И теперь охотник уже не представлял, где еще расставить ловушки! Все, что оставалось у Гронка, — слепок сестры Сингура, переданный накануне Древним. Смутный и неточный. Похожий на смытый волной рисунок на песке. Искать по нему было все равно, что немому разговаривать со слепым. Но делать-то нечего.
Вздохнув, саворриец остановился в тени высокого дома и всей своей сущностью всмотрелся в полученный накануне образ — впитал его, поглотил, изо всех сил всмотрелся. На лбу от усилия высыпал пот, но, несмотря на все старания и всю сосредоточенность, ощущения были смазанные. Гронк будто пытался рассмотреть дно в мутном водоеме, поверхность которого колебала мелкая рябь. Однако постепенно хаос чувств утих, рябь улеглась, и мутные колыхания начали успокаиваться, успокаиваться, успокаиваться…

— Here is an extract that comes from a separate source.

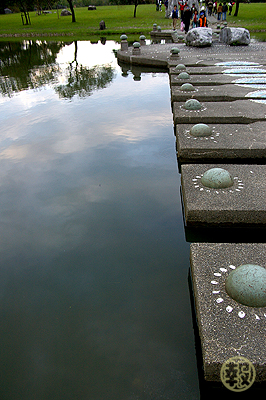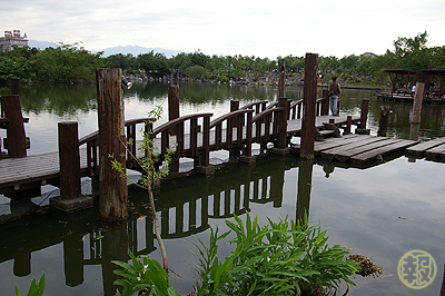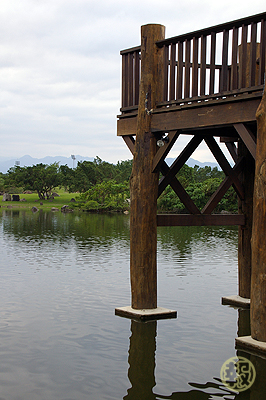 展望廣場下方遙望對岸圓形廣場。湖光水色,好不美麗。濕生植物區的木棧橋。

Образ по-прежнему остался зыбким и неверным, лишенным подробностей, обманчивым, но слабое притяжение, будто легкий сквозняк, повеяло из пустоты. Охотник взял след. Очень слабый, едва заметный, но стабильный и ведущий в одном направлении.
Гронк открыл глаза, повернулся туда, где ощущал сестру Сингура, и оказался нос к носу с… Киргой! Еле сдержался, чтобы не врезать. Но сдержался. Только спросил:
— Ты хорошо знаешь город?
Она кивнула.
В крохотном дворике благоухало цветами, а на каменные плиты падали кружевные тени. Здесь светило солнце, шелестела зелень и город почти не был слышен. Возле крупного розового бутона, басовито жужжа, грузно кружил шмель. Юная темноглазая и темноволосая девушка внимательно смотрела на нежные лепестки цветка, на то, как подсвечивает их яркое солнце, как падают тени…

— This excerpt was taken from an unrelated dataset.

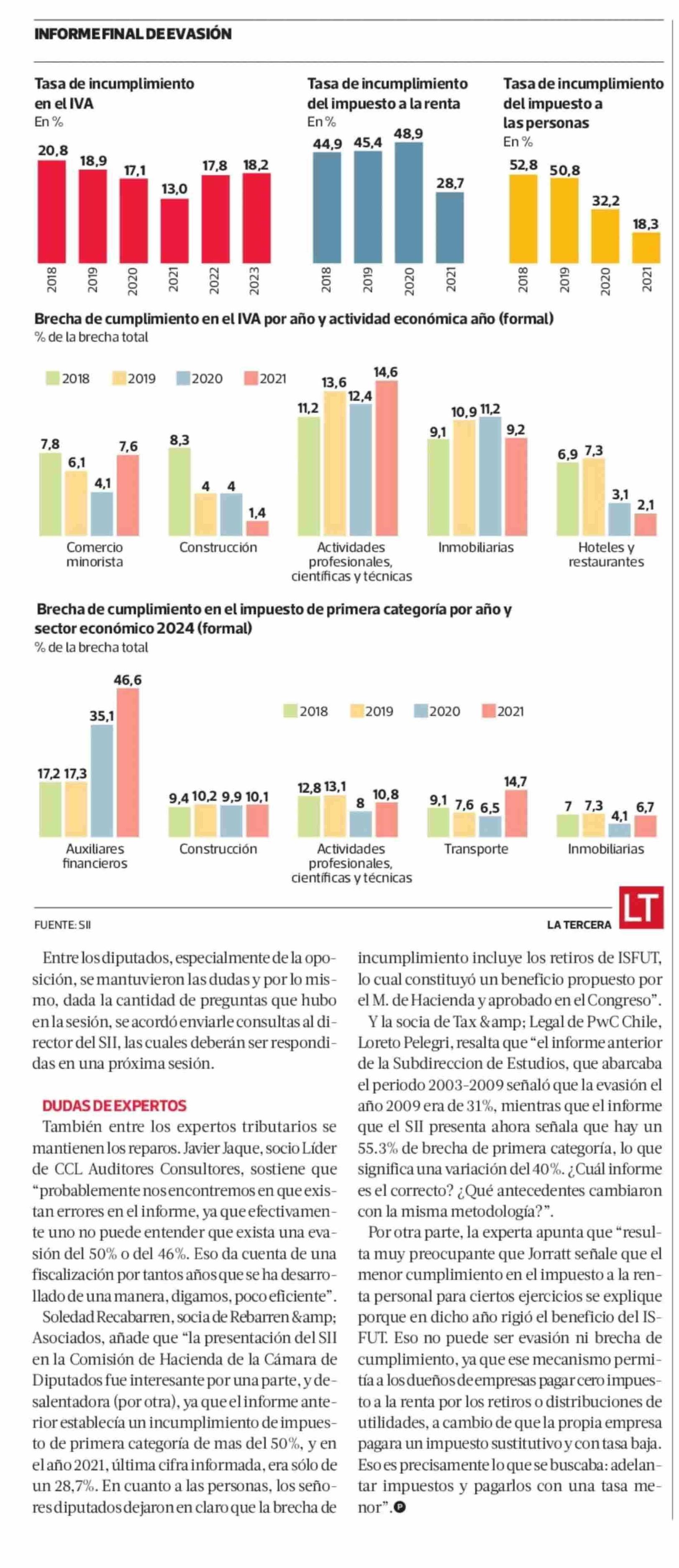Informe final del SII determina que la evasión del impuesto a las empresas es de 46,4%. y lideran las sociedades de inversión

В руках девушка держала вышивку с такой же в точности розой, распустившей бутон. Тонкие пальцы сжимали иглу, стежки ложились один за другим — уверенные и совершенные. Но мастерица словно не замечала красоты своей работы, не получала от нее радости. На тонком лице лежала печать глубокой печали, а взгляд темных глаз был отрешенным.
Калитка в узорчатых воротах открылась без скрипа. Вышивальщица сразу же вскинула голову, ее взор ожил, однако тут же наполнился непониманием: она не узнала неприятную сухую женщину с резкими чертами и неискренней улыбкой на тонких губах.
— Солнца над домом, — сказала женщина. — Мне приказано отвести тебя к брату.
Темноглазая девушка переменилась в лице. Ее руки задрожали, тонкая игла вонзилась в палец. Это вывело мастерицу из оцепенения. Она вскочила, но не успела ничего сделать. Неприятная женщина в дешевом сером платье вдруг подняла руки и, переплетя пальцы в сложную фигуру, показала ее вышивальщице, отчего та застыла, словно воля к сопротивлению покинула ее.
— Идем со мной, — сказала женщина. — Ты ведь хочешь уйти?
Девушка сонно кивнула.
Неприятная гостья взяла ее за руку и повела прочь со двора… Стены каменной ограды вокруг дворика стали зыбкими. Гудение шмеля отдалилось, розовые кусты превратились в смазанные пятна, которые начала заливать небесная синева, постепенно поглощая все остальные цвета.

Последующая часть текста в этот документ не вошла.